How the Integration of Health and Disaster Risk Reduction Can Set Asia-Pacific on a Path Towards Resilience

Author(s)
Hussein Amach, O.
Publication language
English
Pages
1pp
Date published
05 Mar 2021
Type
Blogs
Keywords
Coordination, Multi-sector/cross-sector, Development & humanitarian aid, Disaster preparedness, resilience and risk reduction, Disasters, COVID-19, Epidemics & pandemics, Health, Recovery and Resillience, Standards
Organisations
United Nations Office for Disaster Risk Reduction (UNDRR)

The COVID-19 pandemic was in many an unexpected event that caught the world off guard. The World Economic Forum’s 2020 Global Risks Report, for example, did not include pandemics in its list of 10 most likely risks.

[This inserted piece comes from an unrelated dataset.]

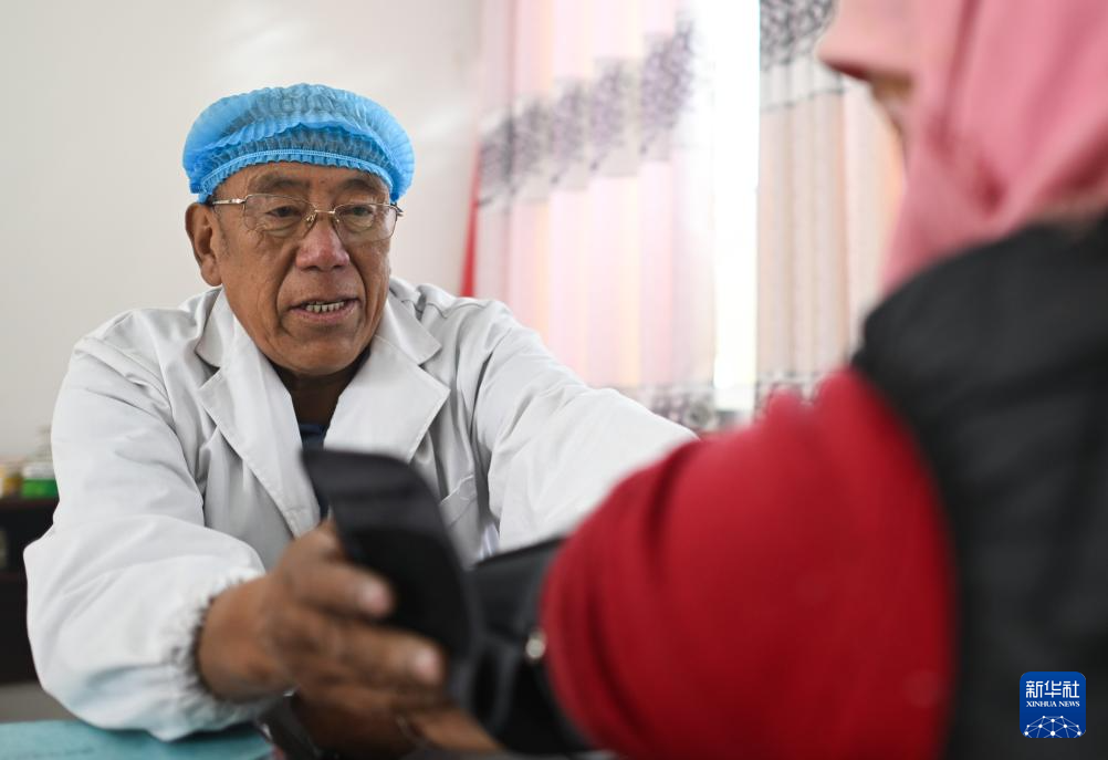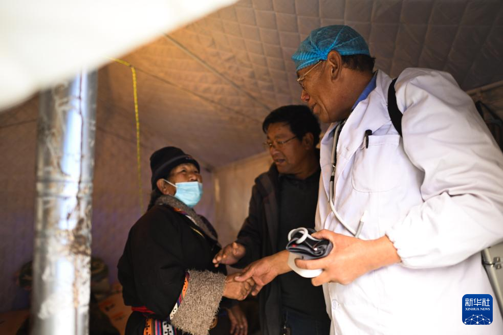 12月22日,完么仁增在牙木村應急醫(yī)療點為村民量血壓。新華社記者 張龍 攝
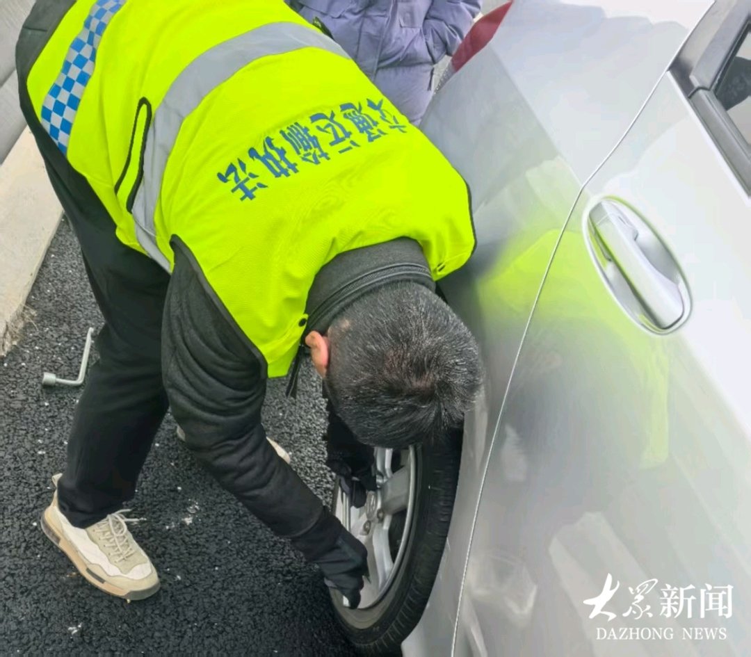 大年初三,9时10分许,高速路政三大队执法队员巡查至泰东高速9K+600M东平方向处时,发现一辆小轿车开着双闪停在应急车道内,驾驶员在车尾来回踱步焦急万分、不知所措,正值春节期间,路面车流量较大,过往车辆纷纷减速避让,情况十分危险。见此情况,执法队员立即拉响警报并做好安全防护,通过询问得知,原来此车行驶过程中右后车胎突然爆胎,不得已司机将车停在应急车道,但因自己从未换过轮胎,无从下手。

However, while the pandemic was unexpected, it was not unavoidable. A number of global framework and guidelines were developed in recent years to prevent and manage the occurrence of such disasters. Key among them is the Sendai Framework for Disaster Risk Reduction 2015-2030, which includes biological hazards, such as pandemics, as one of the main risks that countries ought to plan against in line with the International Health Regulations (2005).

This was followed by the development of the Bangkok Principles in 2016, which call for strengthening the integration between the disaster and health management sectors, and in 2019, the release of the World Health Organization’s (WHO) Health Emergency and Disaster Risk Management (EDRM) Framework.

The COVID-19 pandemic demonstrated a need to ensure that the policy recommendations of these frameworks are followed by countries to both effectively deal with the ongoing crisis and minimize the possibility and impact of a future one.

To facilitate this and to encourage the exchange of lessons from cross-sectoral collaborations in the context of COVID-19, the Asia-Pacific Regional Office of the UN Office for Disaster Risk Reduction and the WHO South-East Asia Regional Office organized a webinar, on 24 February, directed at health and disaster risk reduction focal points across the region.

The webinar, which saw the participation of 473 people, in part of a series of joint efforts between UNDRR and WHO since the onset of the pandemic to strengthen the links between disaster risk reduction and public health.